On October 3, ICANN got VeriSign to "temporarily suspend" the Site Finder service, under the threat of legal action from a breach of contract. With any luck, it will stay suspended, though as review boards and lawyers get involved, it will be hard to be sure.

The amount of traffic to the Site Finder site has propelled it to a top ten Internet site, so the kickback from funded links in the search terms is potentially huge. The thought of all that found money will deafen VeriSign's ears to complaints from the developer and networking community. Unfortunately that money probably used to go to AOL, MSN, Earthlink, and Microsoft. I do not see these organizations quietly giving up all this money. As well as the legal path, they have some technical options:

  1. Patch their DNS servers to ignore wildcards on the .net and .com domains.

  2. Patch their DNS servers to forward to ISP-specific search engines

  3. Patch their web browsers or proxies to recognize a Site Finder redirect and redirect it to their own search engines.

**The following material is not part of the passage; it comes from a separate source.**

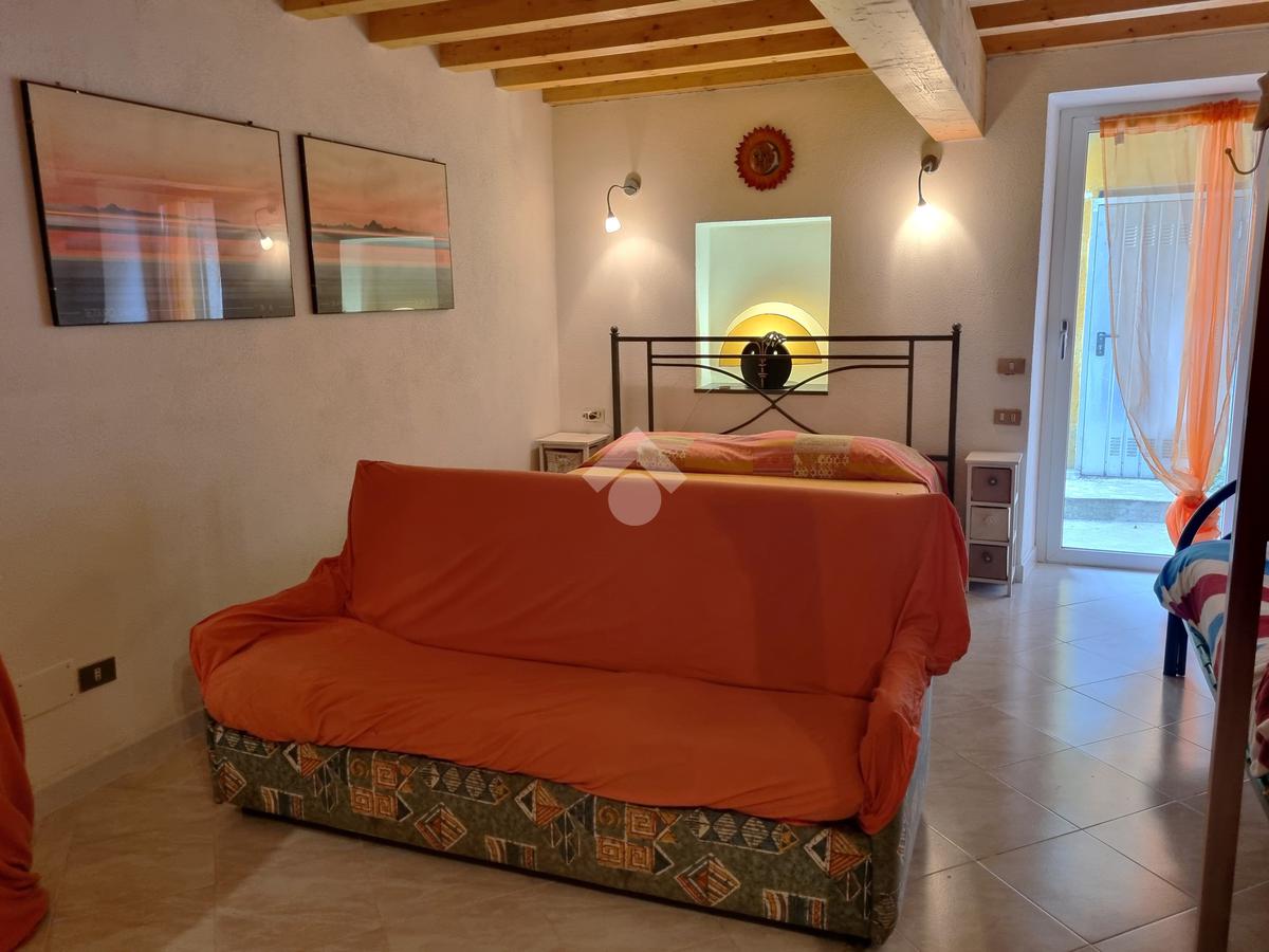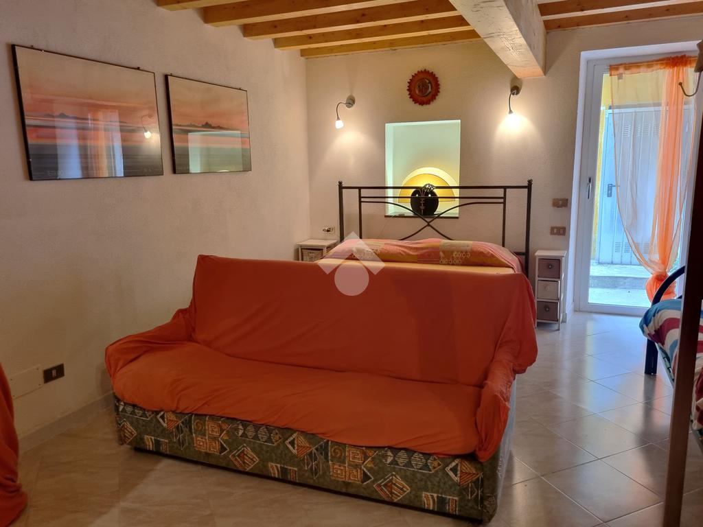 La seconda proprietà che è stata completamente ristrutturata è ancora accatastata come magazzino. L'ingresso è direttamente sulla zona giorno con un open space con l'angolo cottura. Una scala interna conduce al piano inferiore, dove si trova la camera da letto e il bagno.

VeriSign could do nothing about options (1) and (2). Option three is most easily achieved by the web browser vendor, which means Microsoft. MS could patch IE over the Windows Update mechanism and effectively deny VeriSign 90% of their potential audience. This would destroy VeriSign's justification for the changes and encourage it to revert to an RFC-compliant implementation of DNS. More likely, VeriSign would try and change their redirect URLs to get past the patch, leading to an ongoing patch-war between the effective owners of DNS and the effective owners of the web browser. Anyone hard-coding Site Finder workarounds into their own programs would be victims of such a battle.

If there is one saving grace with web services, it is that users have the option of pasting the target URL into a browser to see what is going wrong. To make this simple, developers of web service protocol stacks and applications need to ensure that the target URL is included in all error reports, and that GET queries of all endpoints return some meaningful information.